So, there you go.  You can see that we can, pretty easily, produce a "pitcher-like" record for an offensive player.  Obviously, it's not on the same scale quite, since even top players end up with under 20 "decisions," making comparisons difficult.  But it's still fun, I think, to look at.

So now, we get to imagination land.  How would I change this, if I could, to make it more like actual WAR?  Well, first of all, I would want a defensive system.  What we'd need to develop, of course, is a system by which we measured, basically, the number of "plays" that a player made (or perhaps better, runs saved on plays made, or whatever), relative to the expected number for his position, just as we would have for OPS+ or ERA-.  Once we have that number relative to 100, just as we do for other parts of the game, we can determine the number of decisions and then the number of wins.

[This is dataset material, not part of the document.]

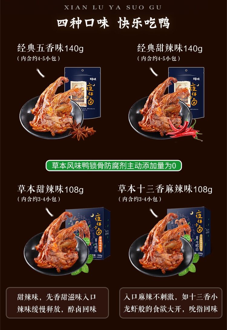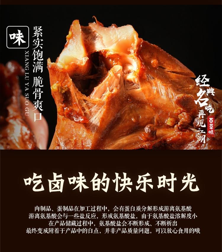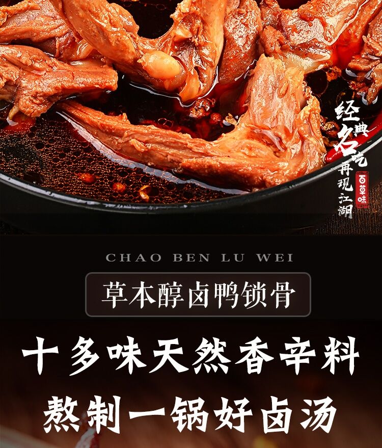 经典风味鸭锁骨,匠心配比,浓郁卤汁 ,十多味天然香辛料熬制一锅好卤汤,色泽红润,肉香浓郁,紧实饱满,脆香爽口,加班小累快来一包加油!

Of course, it would be silly to have a number of defensive wins and losses that equalled 162, as well as a number of offensive and pitching wins and losses.  So what do we do about it?  Well, for my money, we would divide the offensive number by two, the defensive number by six, and the pitching number by three.  That would give us a much better basis for comparison.  We could actually see this already.  Take Cabrera in 2011 and Verlander that same year.  If we take Cabrera's record in half, we get 5.6-1.8; Verlander's as a third and we get 7.0-2.3.  Those are a lot more comparable, and would be even moreso if we were able to add in Cabrera's defensive wins and losses.  We'd see something much different from what we're used to seeing.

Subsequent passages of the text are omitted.